Location
- 165 Whippany Road Whippany, New Jersey, (Morris County) 07981 United States
- 40°48′56″N 74°25′32″W﻿ / ﻿40.8156°N 74.4255°W

Information
- Type: Public high school
- Established: 1967
- School district: Hanover Park Regional High School District
- NCES School ID: 340666004246
- Principal: Christopher N. Kelly
- Faculty: 60.7 FTEs
- Grades: 9-12
- Enrollment: 594 (as of 2023–24)
- Student to teacher ratio: 9.8:1
- Colors: Cardinal & white
- Athletics conference: Northwest Jersey Athletic Conference (general); North Jersey Super Football Conference (football);
- Website: www.whippanypark.org

= Whippany Park High School =

High school in Morris County, New Jersey, US

Whippany Park High School is a four-year comprehensive public high school that serves students in ninth through twelfth grade from Hanover Township in Morris County, in the U.S. state of New Jersey, operating as one of the two secondary schools of the Hanover Park Regional High School District. The other school in the district, Hanover Park High School, serves students from East Hanover and Florham Park.

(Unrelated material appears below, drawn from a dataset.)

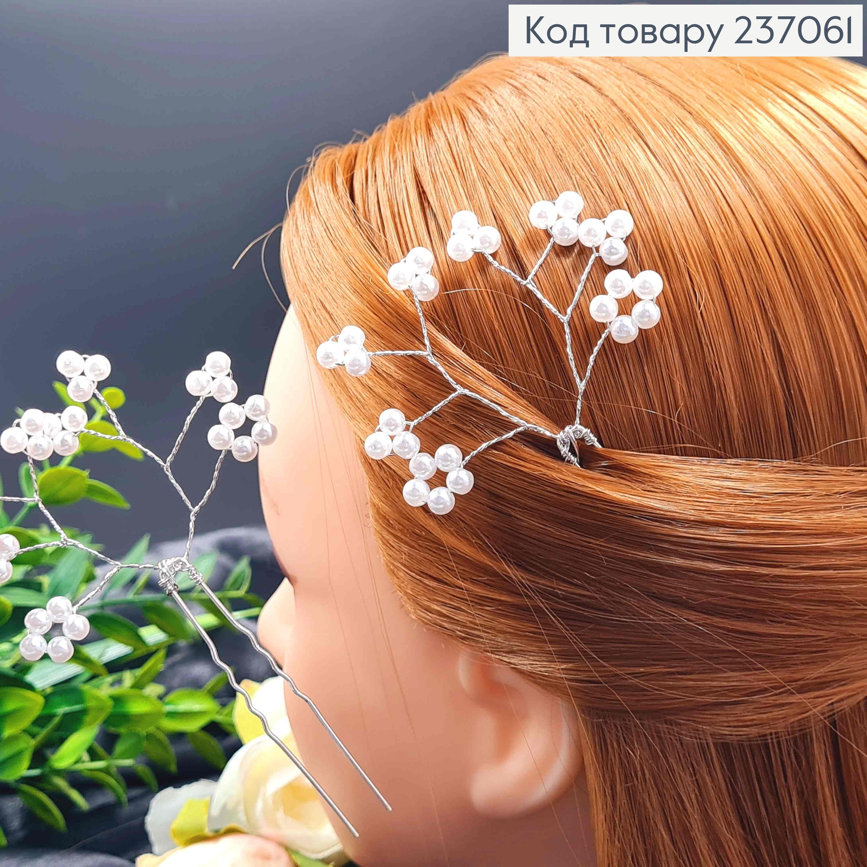 Заколка шпилька-рогач с перламутровыми бусинами, 6+4,5см

As of the 2023–24 school year, the school had an enrollment of 594 students and 60.7 classroom teachers (on an FTE basis), for a student–teacher ratio of 9.8:1. There were 17 students (2.9% of enrollment) eligible for free lunch and 3 (0.5% of students) eligible for reduced-cost lunch.

==History==
The school is located in the Whippany section of Hanover Township and was established in 1967 as the district's second facility.

==Awards, recognition and rankings==
Whippany Park High School was the 46th-ranked public high school in New Jersey out of 339 schools statewide in New Jersey Monthly magazine's September 2014 cover story on the state's "Top Public High Schools", using a new ranking methodology. The school had been ranked 38th in the state of 328 schools in 2012, after being ranked 42nd in 2010 out of 322 schools listed. The magazine ranked the school 45th in 2008 out of 316 schools. The school was ranked 54th in the magazine's September 2006 issue, which included 316 schools across the state. Schooldigger.com ranked the school tied for 102nd out of 381 public high schools statewide in its 2011 rankings (an increase of 1 positions from the 2010 ranking) which were based on the combined percentage of students classified as proficient or above proficient on the mathematics (87.2%) and language arts literacy (95.8%) components of the High School Proficiency Assessment (HSPA).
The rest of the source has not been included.